Everybody has their particular cookies that they just must have for Christmas. For me, the cookies are the Danish traditional pebernødder ("pepper nuts", known as Pfeffernüssen in Germany) and brunkager ("brown cakes"). With our recent dietary changes, these cookies presented a challenge. Between these and the sugar cookies, I have baked quite a lot this Christmas, and our buckets of almond flour are getting emptied at a surprising clip. With the l-carb shop offering almond flour for as little as €12/kg, I can afford to go through some - that's at least a better price than the €30+ seen in some shops. Here's the recipe for pebernødder - the brunkager must wait till tomorrow since they have to rest for several days.

Pebernødder

This is my mother's recipe, with low-carb replacement marked in bold:
  • 500 g flour (replace with 200 g flour, 300 g fine almond flour)
  • 1 tsp ammoniumcarbonate (hjortetaksalt, in Germany Hirschhornsalz) - use 1 1/2 to 2 tsp
  • 1 tsp cinnamon
  • 1 tsp cardamom
  • 1 tsp ground black pepper
  • 125 g butter
  • 250 g sugar (replace with 250 g xylitol in crystals, e.g. Xucker)
  • 2 eggs (I used 4 small eggs)
  • Zest of one organic lemon
Mix the dry ingredients, add the butter and crumble it together, then add the eggs. If the dough is too dry to form a ball, add a bit of canola oil. It should form a solid ball, not be sticky. Wrap and refrigerate for at least an hour.

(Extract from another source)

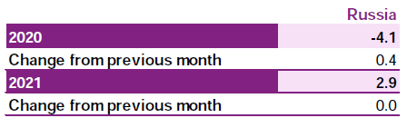 Рис. 3 Экономический рост в России и пересмотр показателей, 2020-2021 годы, %

Preheat oven to 200C. Roll dough into several 1 cm thick rolls - you may need to use some more regular flour to keep it from sticking. Cut the rolls into 1cm bits and place on a baking sheet lined with baking paper. Bake for 8-10 minutes, until slightly brown.

These are not crunchy in the way they would be with all regular flour, but they have a nice almondy taste added. Do not try to replace some flour with flax seed flour or sunflower seed flour (sunflour?), the taste of those flours is too savory.